“Can’t Talk Now, I’m Watching a Hallmark Christmas Movie” (Said no man, EVER!)
There are some things men just don’t normally admit to. Forgetting to put the toilet seat down or being lost on a car trip are obvious examples. For me, it’s taking yoga classes and watching Christmas movies on the Hallmark Channel. Sure, everybody knows it wouldn’t be the holiday season without Hallmark Christmas movies,but no self-respecting man is going to admit he watches them! So, how did I get here?!

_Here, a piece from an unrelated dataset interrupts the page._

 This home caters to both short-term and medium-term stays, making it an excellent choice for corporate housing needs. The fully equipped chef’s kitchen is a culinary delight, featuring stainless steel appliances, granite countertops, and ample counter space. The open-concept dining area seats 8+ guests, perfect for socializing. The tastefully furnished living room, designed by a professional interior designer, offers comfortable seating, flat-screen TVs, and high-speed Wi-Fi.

I started taking yoga classes, thinking it might help me get more limber. While waiting for a class to start I overheard a couple of people talking about binge watching the Hallmark Channel. They mentioned movies like Sleigh Bells Ring, where a magic sleigh nudges a single mom back to an old flame; Christmas Wonderland, when Heidi returns home to babysit her niece and nephew and comes face to face with her high school love; and Time for Me to Come Home for Christmas, with two strangers, a businesswoman and a country star, stuck waiting for a flight home for Christmas.

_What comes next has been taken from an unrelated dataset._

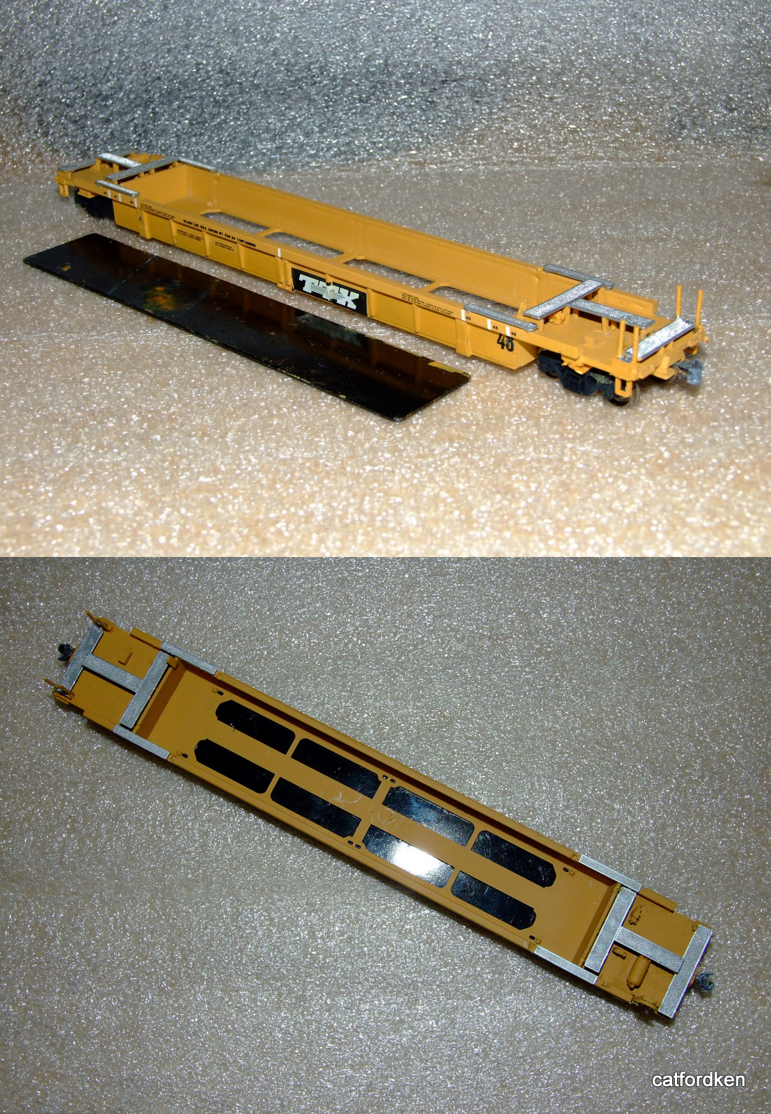 | Looks very much like a Walthers kit I got about 20 years ago. I remember being quite aggravated with that weight not sticking to the thin cross members and falling off, I hadn't yet discovered "Goo". I can check when I get home. Seems I have noticed "Denmark" on other Walthers kits in the past. I was also impressed when a later Walthers kit of a different well car design appeared to be cast metal for weight.

Fast forward a couple of nights later and I’m clicking around, trying to find something to binge watch and I came across the Hallmark Channel. A Christmas to Remember was just starting. The plot was ridiculous. A female TV personality was reluctantly driving home to her small hometown for Christmas when a blizzard hit, and she slid off the road into a ditch. She wakes up with amnesia in the company of the handsome Good Samaritan who pulled over to help her…and they end up in love. Because that’s how ALL Hallmark movies end. Come on!
Let’s face it: Hallmark movies are super cheesy. I guess there’s a lot of conscious suspension of disbelief involved, like watching early Star Trek. Now if you’ll excuse me, I have to get back to watching Christmas at Graceland, but not before wishing you all a very Merry Christmas and Happy New Year from the EIL family!